**GIVEN MATERIAL:**

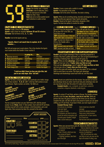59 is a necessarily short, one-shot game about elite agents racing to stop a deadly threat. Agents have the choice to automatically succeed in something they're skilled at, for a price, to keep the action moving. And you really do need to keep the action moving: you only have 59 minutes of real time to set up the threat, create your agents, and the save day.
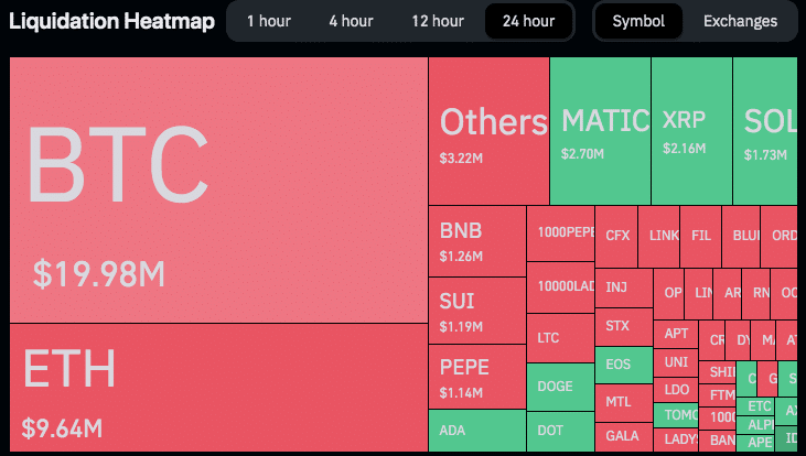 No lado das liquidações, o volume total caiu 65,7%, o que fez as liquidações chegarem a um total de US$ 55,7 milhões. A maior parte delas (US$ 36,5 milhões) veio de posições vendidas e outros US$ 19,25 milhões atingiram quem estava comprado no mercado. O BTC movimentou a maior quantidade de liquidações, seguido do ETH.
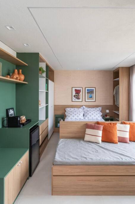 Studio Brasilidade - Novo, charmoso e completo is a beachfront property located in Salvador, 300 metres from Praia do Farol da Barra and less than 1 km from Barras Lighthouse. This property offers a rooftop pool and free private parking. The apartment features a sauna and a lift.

**WORK ORDER:**
Please return the whole listing exactly. Do not copy its images.

**ANSWER TO THE EXERCISE:**
59 is a necessarily short, one-shot game about elite agents racing to stop a deadly threat. Agents have the choice to automatically succeed in something they're skilled at, for a price, to keep the action moving. And you really do need to keep the action moving: you only have 59 minutes of real time to set up the threat, create your agents, and the save day.
 No lado das liquidações, o volume total caiu 65,7%, o que fez as liquidações chegarem a um total de US$ 55,7 milhões. A maior parte delas (US$ 36,5 milhões) veio de posições vendidas e outros US$ 19,25 milhões atingiram quem estava comprado no mercado. O BTC movimentou a maior quantidade de liquidações, seguido do ETH.
 Studio Brasilidade - Novo, charmoso e completo is a beachfront property located in Salvador, 300 metres from Praia do Farol da Barra and less than 1 km from Barras Lighthouse. This property offers a rooftop pool and free private parking. The apartment features a sauna and a lift.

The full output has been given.